Records drawn from a dataset:

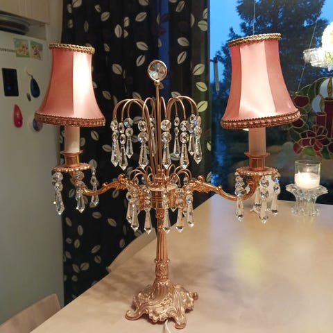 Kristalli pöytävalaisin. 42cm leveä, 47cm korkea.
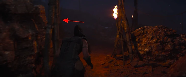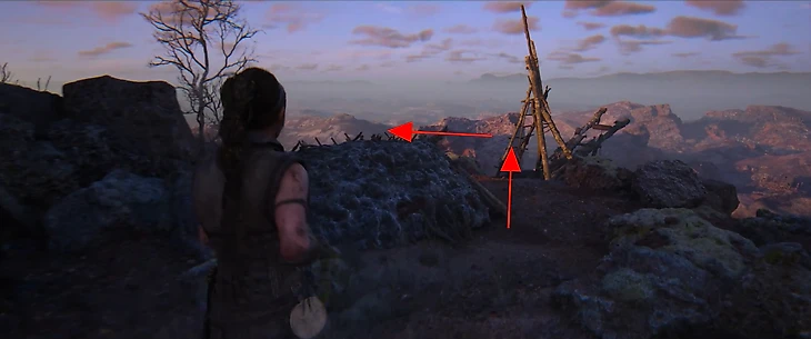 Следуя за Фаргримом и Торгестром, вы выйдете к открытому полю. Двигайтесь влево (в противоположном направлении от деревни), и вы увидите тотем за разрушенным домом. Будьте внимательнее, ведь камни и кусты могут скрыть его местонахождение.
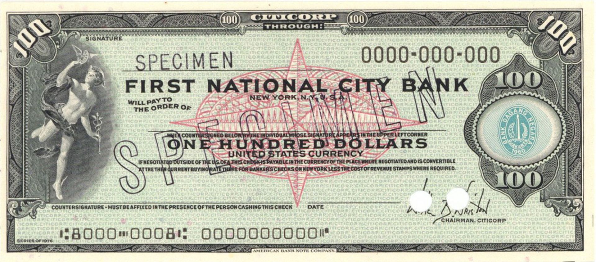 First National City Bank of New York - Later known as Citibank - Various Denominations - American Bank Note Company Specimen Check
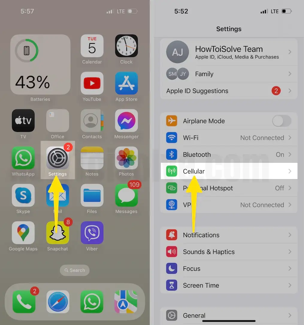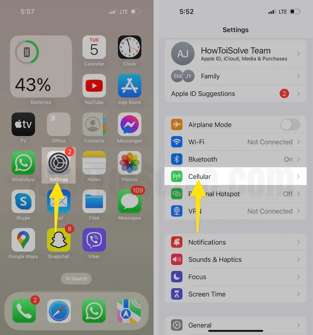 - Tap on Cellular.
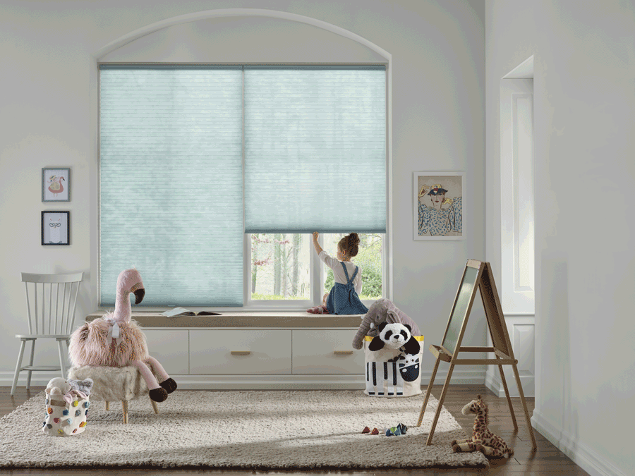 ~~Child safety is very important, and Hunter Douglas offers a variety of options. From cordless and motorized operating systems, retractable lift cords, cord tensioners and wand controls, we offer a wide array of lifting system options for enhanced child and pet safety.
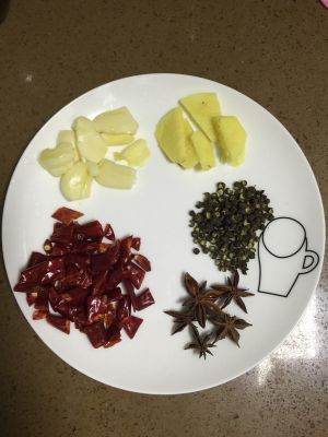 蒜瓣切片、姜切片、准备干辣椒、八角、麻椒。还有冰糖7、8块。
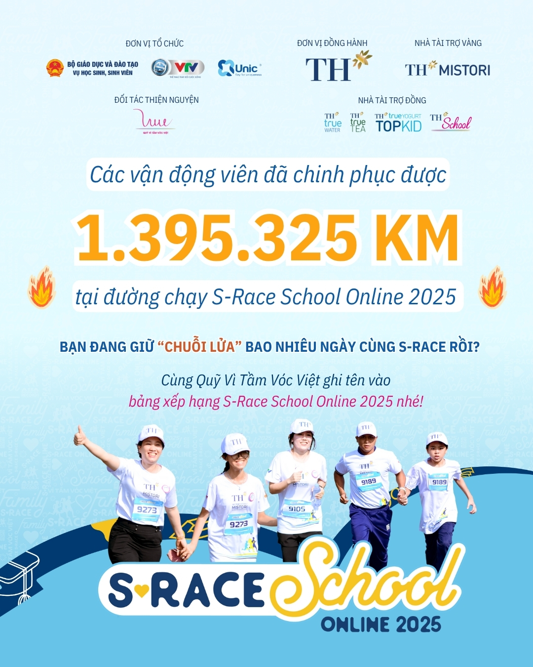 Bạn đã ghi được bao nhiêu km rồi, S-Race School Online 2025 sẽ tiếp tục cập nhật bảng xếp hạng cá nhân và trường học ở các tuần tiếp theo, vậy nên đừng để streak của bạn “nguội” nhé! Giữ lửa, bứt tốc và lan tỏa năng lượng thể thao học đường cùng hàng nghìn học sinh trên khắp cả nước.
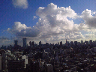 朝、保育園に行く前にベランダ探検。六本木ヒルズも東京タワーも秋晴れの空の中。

▸ **HOW TO COMPLETE THIS TASK**: Reproduce the data above in full, exactly, with the images removed.

▸ **OUTPUT FOR THIS TASK**:
 Kristalli pöytävalaisin. 42cm leveä, 47cm korkea.
 Следуя за Фаргримом и Торгестром, вы выйдете к открытому полю. Двигайтесь влево (в противоположном направлении от деревни), и вы увидите тотем за разрушенным домом. Будьте внимательнее, ведь камни и кусты могут скрыть его местонахождение.
 First National City Bank of New York - Later known as Citibank - Various Denominations - American Bank Note Company Specimen Check
 - Tap on Cellular.
 ~~Child safety is very important, and Hunter Douglas offers a variety of options. From cordless and motorized operating systems, retractable lift cords, cord tensioners and wand controls, we offer a wide array of lifting system options for enhanced child and pet safety.
 蒜瓣切片、姜切片、准备干辣椒、八角、麻椒。还有冰糖7、8块。
 Bạn đã ghi được bao nhiêu km rồi, S-Race School Online 2025 sẽ tiếp tục cập nhật bảng xếp hạng cá nhân và trường học ở các tuần tiếp theo, vậy nên đừng để streak của bạn “nguội” nhé! Giữ lửa, bứt tốc và lan tỏa năng lượng thể thao học đường cùng hàng nghìn học sinh trên khắp cả nước.
 朝、保育園に行く前にベランダ探検。六本木ヒルズも東京タワーも秋晴れの空の中。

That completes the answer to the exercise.